● **AIM OF THE EXERCISE**:
Nothing but the pictures may be left out. Restate the rest of the entries word for word.

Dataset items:

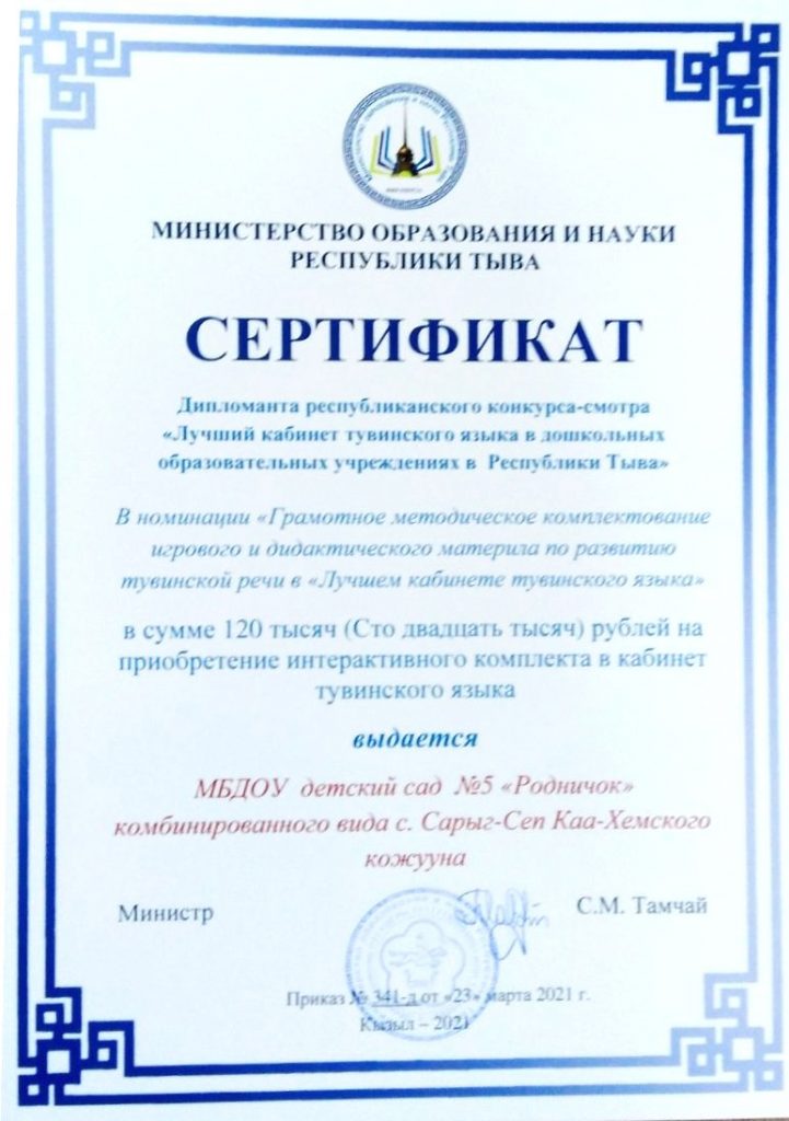 «Грамотное методическое комплектование игрового и дидактического материала по развитию тувинской речи в «Лучшем кабинете тувинского языка!»».
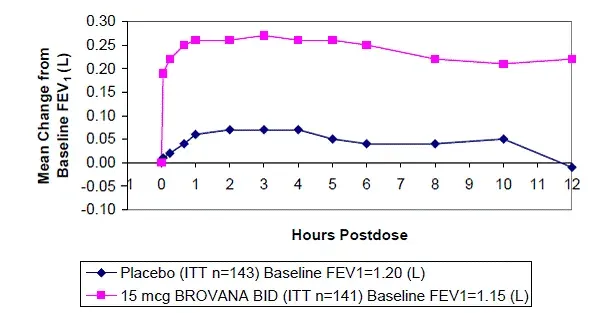 Brovana Inhalationslösung 15 MCG zweimal täglich significantly improved bronchodilation compared to placebo over the 12 hours after dosing (FEV 1 AUC0-12H). Diese Verbesserung wurde über den 12-wöchigen Studienzeitraum beibehalten.
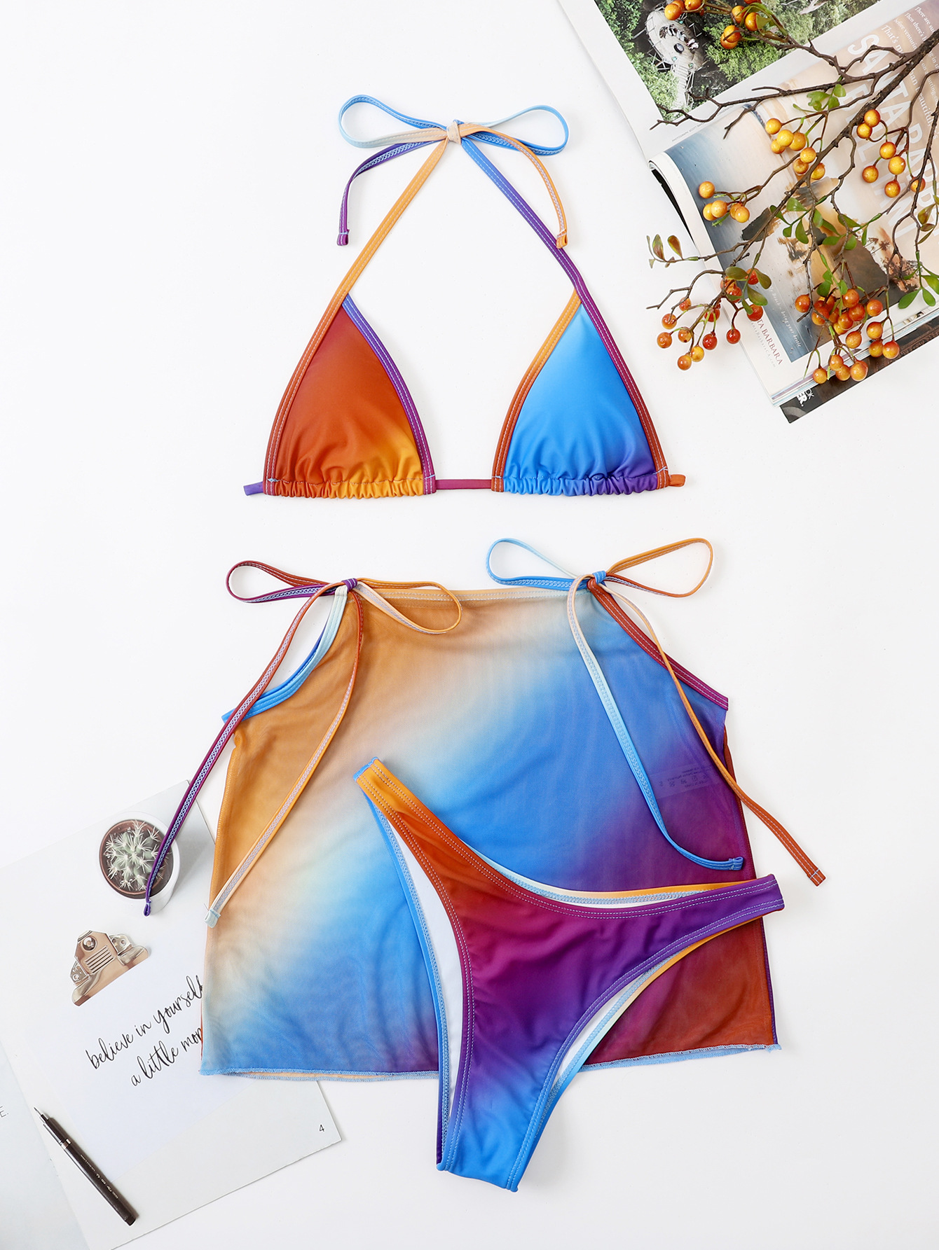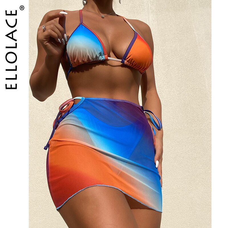 Billionm Ellolace Swimsuit Ladies 2022 Micro Bikini And Cover Up Tie Die Triangle Swimwear Padded Halter Bathing Suit Beach 3-Pieces
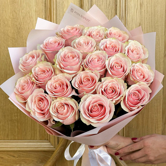 Букет из 21 розового тюльпана (Голландия) в матовой упаковке
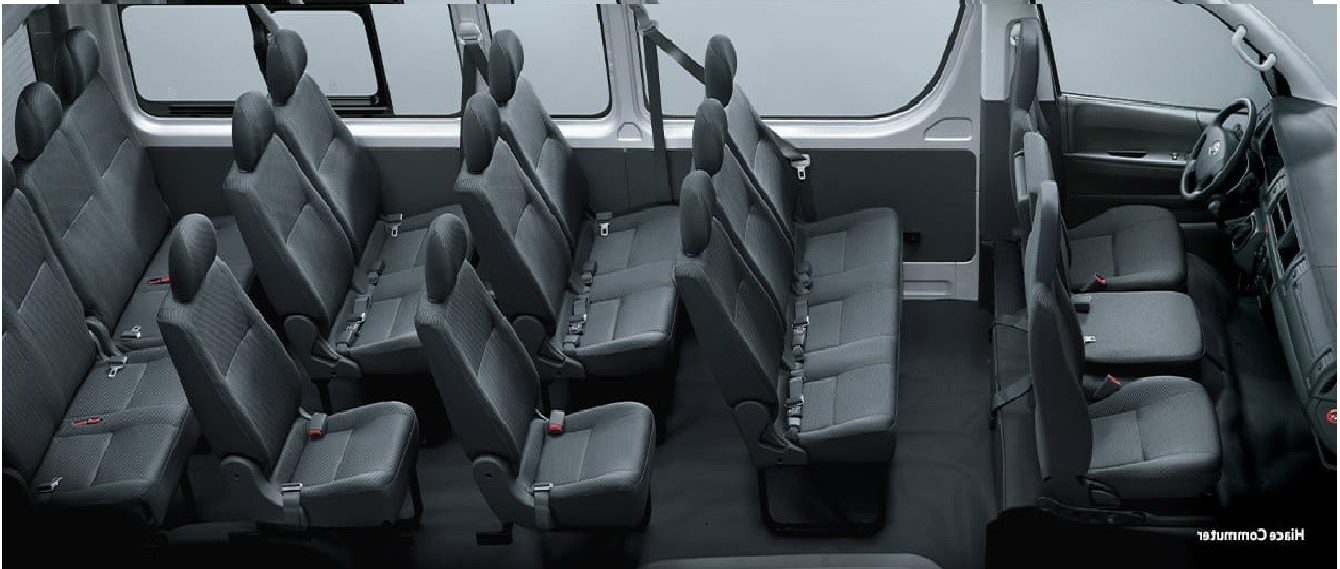 Toyota Hiace minibus standar memiliki 14 bangku dengan kemungkinan tambahan 1 bangku diantara pengemudi dan penumpang di bagian depan. Total dengan pengemudi maksimal bisa menampung 16 orang.

● **ANSWER TO THIS TASK**:
 «Грамотное методическое комплектование игрового и дидактического материала по развитию тувинской речи в «Лучшем кабинете тувинского языка!»».
 Brovana Inhalationslösung 15 MCG zweimal täglich significantly improved bronchodilation compared to placebo over the 12 hours after dosing (FEV 1 AUC0-12H). Diese Verbesserung wurde über den 12-wöchigen Studienzeitraum beibehalten.
 Billionm Ellolace Swimsuit Ladies 2022 Micro Bikini And Cover Up Tie Die Triangle Swimwear Padded Halter Bathing Suit Beach 3-Pieces
 Букет из 21 розового тюльпана (Голландия) в матовой упаковке
 Toyota Hiace minibus standar memiliki 14 bangku dengan kemungkinan tambahan 1 bangku diantara pengemudi dan penumpang di bagian depan. Total dengan pengemudi maksimal bisa menampung 16 orang.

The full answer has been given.